А он: «Ничего, Веня, потерпишь. А коли хочешь жрать – так не пей». Так и ухожу, без всякой сдачи. Сержусь, конечно; думаю: «Мерило!» «Цивилизации!» «Эх, Максим Горький, Максим же ты Горький, сдуру или спьяну ты сморозил такое на своем Капри? Тебе хорошо – ты там будешь жрать свои агавы, а мне чего жрать?..»

Публика – смеялась. А внучек верещал: «И-и-и-и, какие агавы, какие хорошие капри…»

– А плохая баба? – сказал декабрист. – Разве не нужна бывает и плохая баба?

– Конечно! Конечно, нужна, – отвечал я ему. – Хорошему человеку плохая баба иногда прямо необходима бывает. Вот я, например, двенадцать недель тому назад: я был во гробе, я уж четыре года лежал во гробе, так что уже и смердеть перестал. А ей говорят: «Вот – он во гробе. И воскреси, если сможешь». А она подошла ко гробу – вы бы видели, как она подошла!

– Знаем! – сказал декабрист. – «Идет, как пишет. А пишет, как Лева. А Лева пишет хуево».

– Вот-вот! Подошла ко гробу и говорит: «Талифа куми». Это значит в переводе с древнежидовского: «Тебе говорю – встань и ходи». И что ж вы думаете? Встал – и пошел. И вот уж три месяца хожу замутненный…

– Замутненность – от грусти, – повторил черноусый в беретке. – А грусть – от бабы.

– Замутненность – оттого, что поддал, – перебил его декабрист.

– Да при чем тут «поддал»? А «поддал»-то почему?
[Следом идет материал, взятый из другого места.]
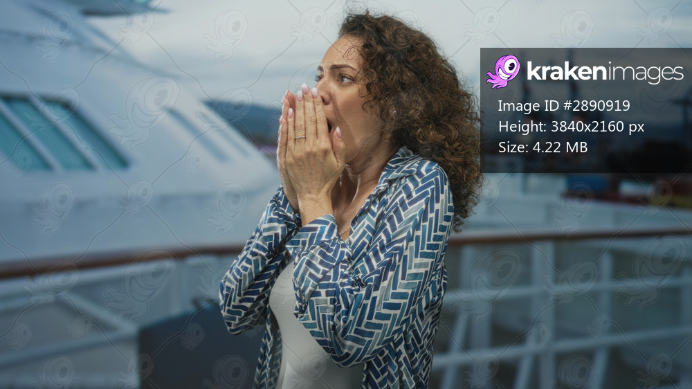 Woman covering mouth with hands on cruise ship deck near railing and ship superstructure; alarm concern.
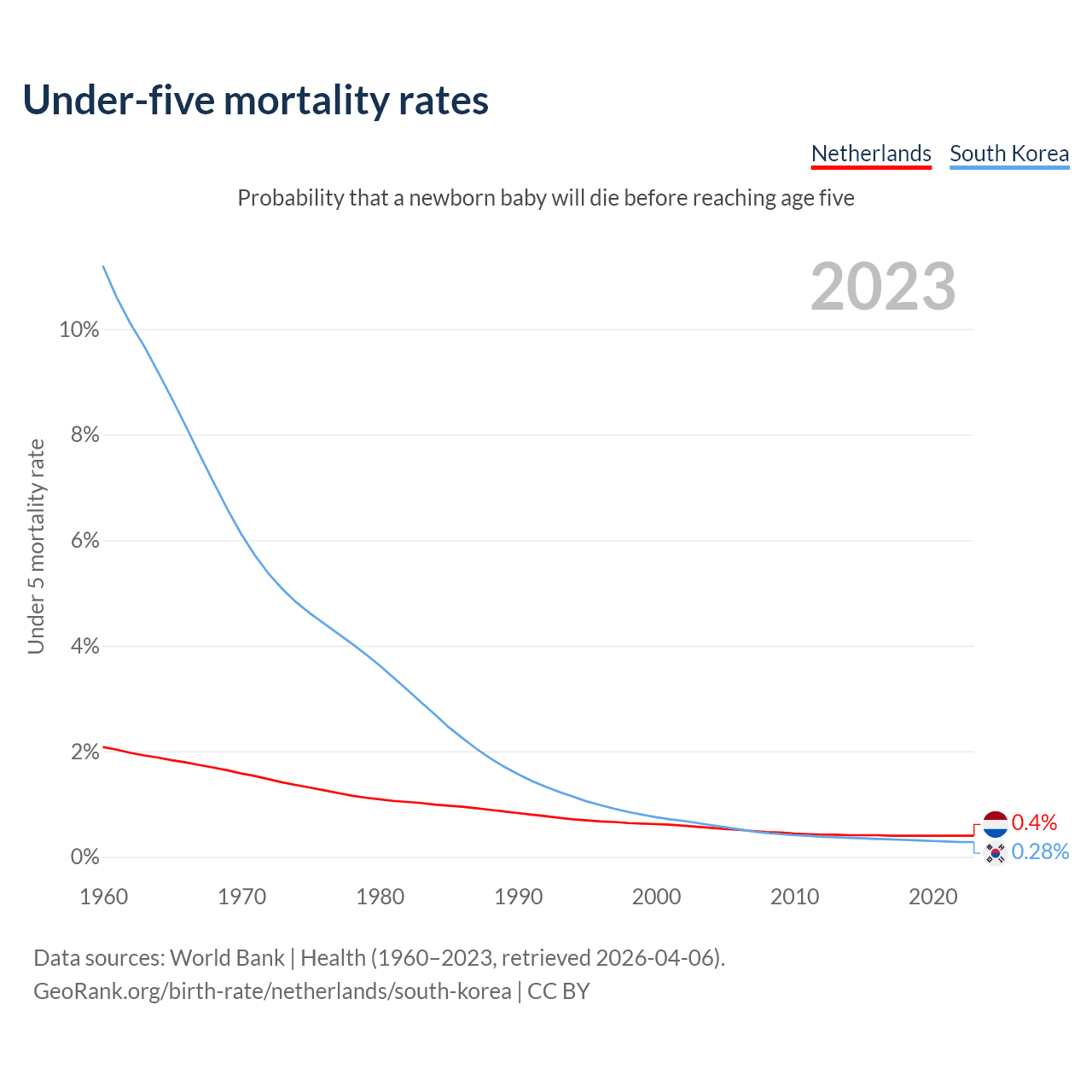 The chance that a newborn baby will die before reaching age five is 0.4% in the Netherlands and 0.28% in South Korea. Above is a chart with historical data on under-five mortality rates.
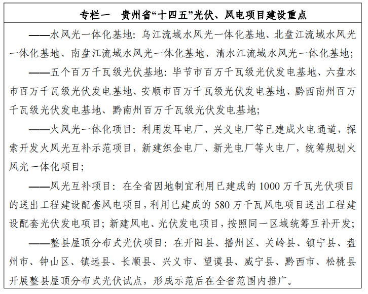 此外,貴州省對(duì)于光伏和風(fēng)電等項(xiàng)目的投資進(jìn)行了匡算?!笆奈濉逼陂g,全省新能源與可再生能源項(xiàng)目投資約1234億元,其中:
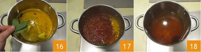 le zeste d'un demi-citron et les feuilles de laurier 16. Portez le tout à ébullition 17 et, dès que l'eau est à température, réduisez le feu pour faire mijoter l'eau et laissez cuire pendant 30 minutes 18.

Потому что, допустим, человек грустит и едет к бабе. Нельзя же ехать к бабе и не пить! – плохая, значит, баба! Да если даже и плохая – все равно надо выпить. Наоборот, чем хуже баба, тем лучше надо поддать!..

– Честное слово! – вскричал декабрист. – Как хорошо, что все мы такие развитые! У нас тут прямо как у Тургенева: все сидят и спорят про любовь… Давайте и я вам что-нибудь расскажу – про исключительную любовь и про то, как бывают необходимы плохие бабы!.. Давайте, как у Тургенева! Пусть каждый чего-нибудь да расскажет…

«Давайте!» «Давайте, как у Тургенева!» Даже старый Митрич – и тот сказал: «Давайте!..»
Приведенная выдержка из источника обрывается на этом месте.